Lately my songwriting activity has been like that picture of Keanu sitting on the park bench. Now I’ve written a new song, and it’s more like that kitten in the Key and Peele movie. Or something like that; the point is I’m putting slightly more effort into songwriting than I am into thinking up similes.
Anyone ever notice how close the word “into” is to “intp”? It’s almost like you could typo one for the other. Just me?
Anyway, as usual the driving force behind getting me out of my funk and writing again — ironically, funk — is the SpinTunes competition. It’s free, it’s simple, you get a whole week to write each song, and the community is very interactive and supportive. Some challenges can be super weird, like writing a whole song in which all the words start with the same 7 letters, or changing time signatures. But they always turn out to be fun, occasionally trying to see how far you can stretch the literal meaning of the challenge.
(Incidentally, the fearless leader of SpinTunes, Travis Langworthy, has been running this thing for years. He’s done it for free, and he’s not even a songwriter! He just wants more music to exist in the world, to make it a better place. He’s also stepping down as poobah and handing over the reins to new management. As a thank you, some people have come up with the most awesome going away present: special glasses that allow him to see in color. We’re trying to scrape together a few hundred dollars for the glasses, and if you have any lying around not going toward a good cause, well here’s one for you. Please visit the page that Dave Leigh posted to explain the whole thing.)

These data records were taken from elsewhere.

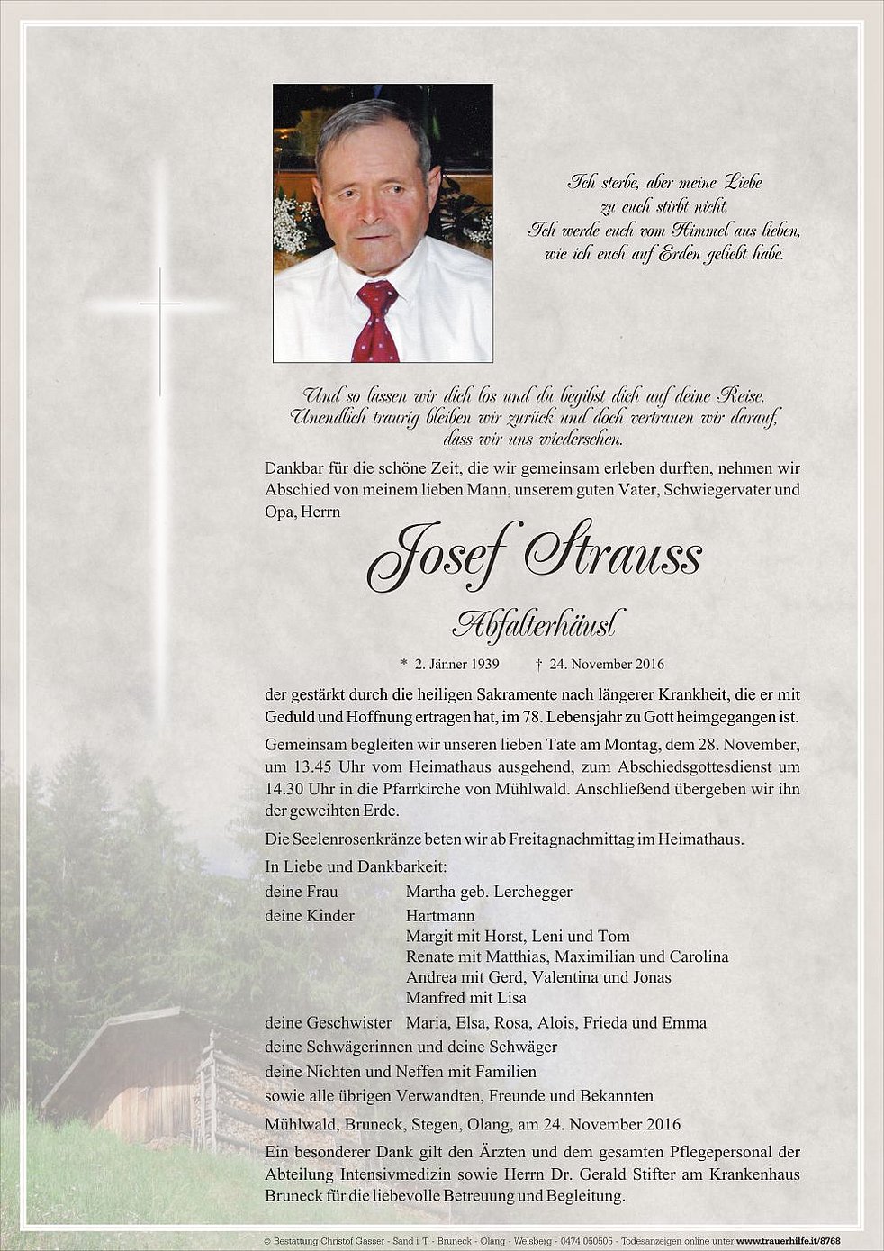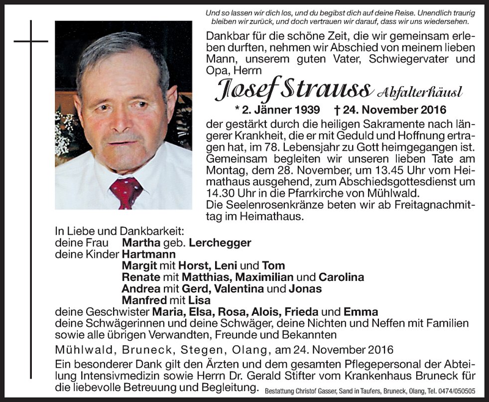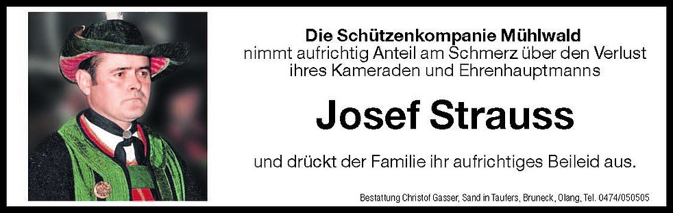 Gemeinsam begleiten wir unseren lieben Tate am Montag, dem 28. November, um 13.45 Uhr vom Heimathaus ausgehend, zum Abschiedsgottesdienst um 14.30 Uhr in die Pfarrkirche von Mühlwald. Anschließend übergeben wir ihn der geweihten Erde.
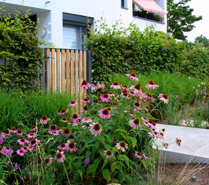 Wiesbaden Neubau 5 Stadtvillen: Naturnahe Pflanzung mit Bienennährgehölzen, Obstgehölzen, Blühstauden und Hochstämmen und weitläufigen Grünflächen im Rahmen der Grundstücksmodellierung.
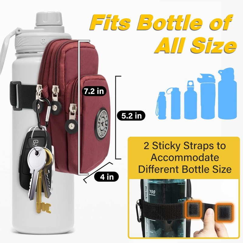 - 【UNIVERSAL FIT】- Our water bottle pouch is designed to fit most bottle size, big and small, with the adjustable strap. It stays on your bottle perfectly and won't slip.

This time around the challenge was pretty narrow thematically but left the entire universe up for grabs as concern the technicals: “Write a song from the point of view of someone who just won or lost an election. It could be a recent election, one from the past, or even a fictional one. It doesn’t even have to be political.” Bam, easy peasy. 1st person narrative, which when done well means emotion, becoming even more intimate when the narrator addresses a 2nd person.
I didn’t actually go all in on the personal connection, writing in the form of an election victor giving an acceptance speech. Still, my “2nd person” morphed from the crowd (less intimate) to “especially” a specific person. So somewhere in between I guess. In the process, the narrator betrays more about himself than would have been appropriate during his campaign, and reveals he’s caught up in anxiety from… I’m going to say adolescence? Maybe he was bullied and now means to abuse his power to get back at people? He’s definitely making up for something, but the listener can feel free to fill in the blanks.
This song is tagged NSFW, so if you have applied the “Safe for Work” badge, you’ll have to decide whether or not you agree never to hold anything you hear against me. I’ve consulted with my cat, and she agrees this is a legally binding dialog box.